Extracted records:
▬▬▬▬▬▬▬▬▬▬
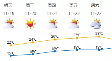 未來(lái)幾天天氣提示:本周前中期冷空氣影響氣溫明顯下降:受新一股冷空氣影響,周一午后至傍晚北風(fēng)開始加大,最大陣風(fēng)7-8級(jí),夜間至周二氣溫明顯下降,周二早晨最低氣溫降至14-15℃;周三日白天風(fēng)力減弱;周四至周末晴天到多云,氣溫回升。港口碼頭及海上活動(dòng)注意防風(fēng);
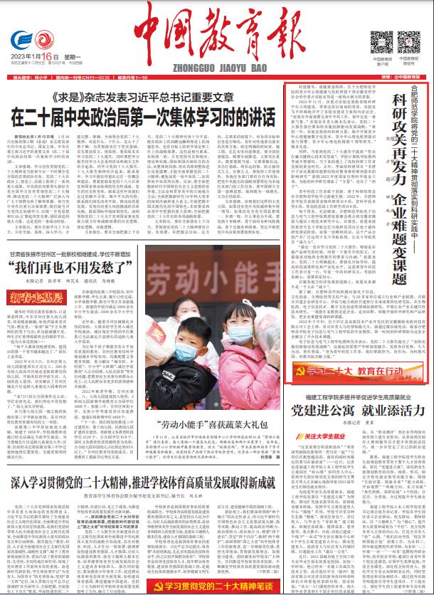 本网讯 2023年1月16日,《中国教育报》头版要闻以《beat365中文官方网站将党的二十大精神贯彻落实到科研实践中——科研攻关再发力 企业难题变课题》为标题,报道了beat365官网教育科技工作者贯彻落实践行党的二十大精神相关内容。
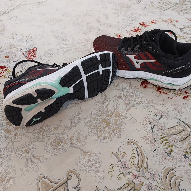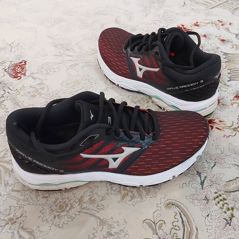کتونی اورجینال رانینگ پیاده روی و دویدن mizuno wave prodigy 3 سایز38 برابر 24 سانت مشکی جگری
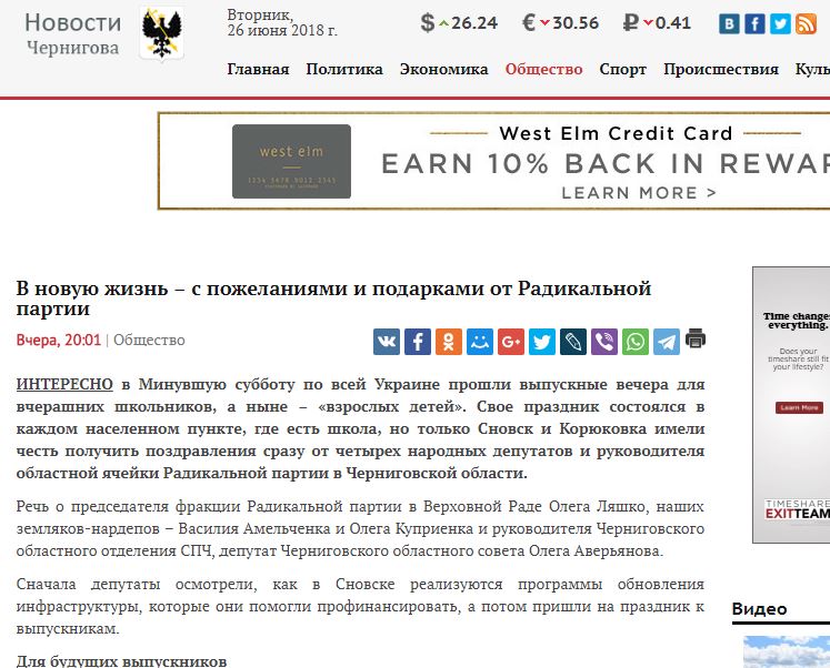 Отметим, что региональные сайты Черниговщины пестрят новостями-благодарностями лично Ляшко и депутатам от его партии, которые поздравили выпускников области.
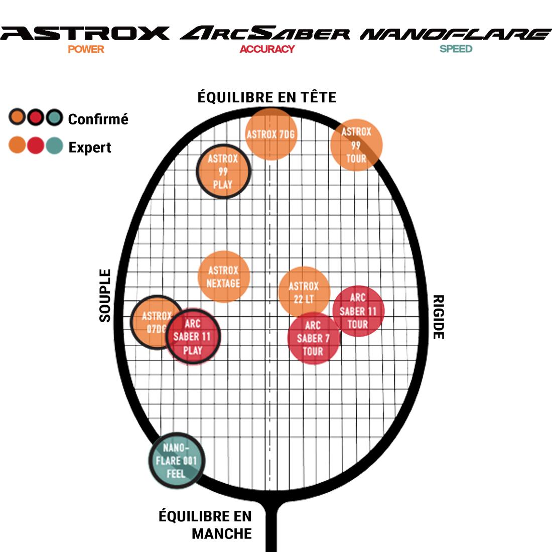 Conçu pour le joueur de badminton intensif à la recherche d'un bon compromis puissance/maniabilité et de précision
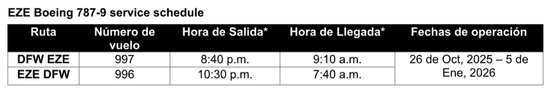 La aerolínea continuará operando su ruta DFW-EZE hasta el 28 de marzo de 2026, con un Boeing 777-200. Durante la temporada de verano, la aerolínea operará hasta 42 vuelos semanales desde EZE a tres centros de conexiones en EE. UU., incluyendo cuatro vuelos diarios a Miami (MIA) y servicio diario a Nueva York (JFK) y DFW.
▬▬▬▬▬▬▬▬▬▬
Goal of the exercise: The answer must restate each entry word for word and contain no images.

Result of this exercise:
 未來(lái)幾天天氣提示:本周前中期冷空氣影響氣溫明顯下降:受新一股冷空氣影響,周一午后至傍晚北風(fēng)開始加大,最大陣風(fēng)7-8級(jí),夜間至周二氣溫明顯下降,周二早晨最低氣溫降至14-15℃;周三日白天風(fēng)力減弱;周四至周末晴天到多云,氣溫回升。港口碼頭及海上活動(dòng)注意防風(fēng);
 本网讯 2023年1月16日,《中国教育报》头版要闻以《beat365中文官方网站将党的二十大精神贯彻落实到科研实践中——科研攻关再发力 企业难题变课题》为标题,报道了beat365官网教育科技工作者贯彻落实践行党的二十大精神相关内容。
کتونی اورجینال رانینگ پیاده روی و دویدن mizuno wave prodigy 3 سایز38 برابر 24 سانت مشکی جگری
 Отметим, что региональные сайты Черниговщины пестрят новостями-благодарностями лично Ляшко и депутатам от его партии, которые поздравили выпускников области.
 Conçu pour le joueur de badminton intensif à la recherche d'un bon compromis puissance/maniabilité et de précision
 La aerolínea continuará operando su ruta DFW-EZE hasta el 28 de marzo de 2026, con un Boeing 777-200. Durante la temporada de verano, la aerolínea operará hasta 42 vuelos semanales desde EZE a tres centros de conexiones en EE. UU., incluyendo cuatro vuelos diarios a Miami (MIA) y servicio diario a Nueva York (JFK) y DFW.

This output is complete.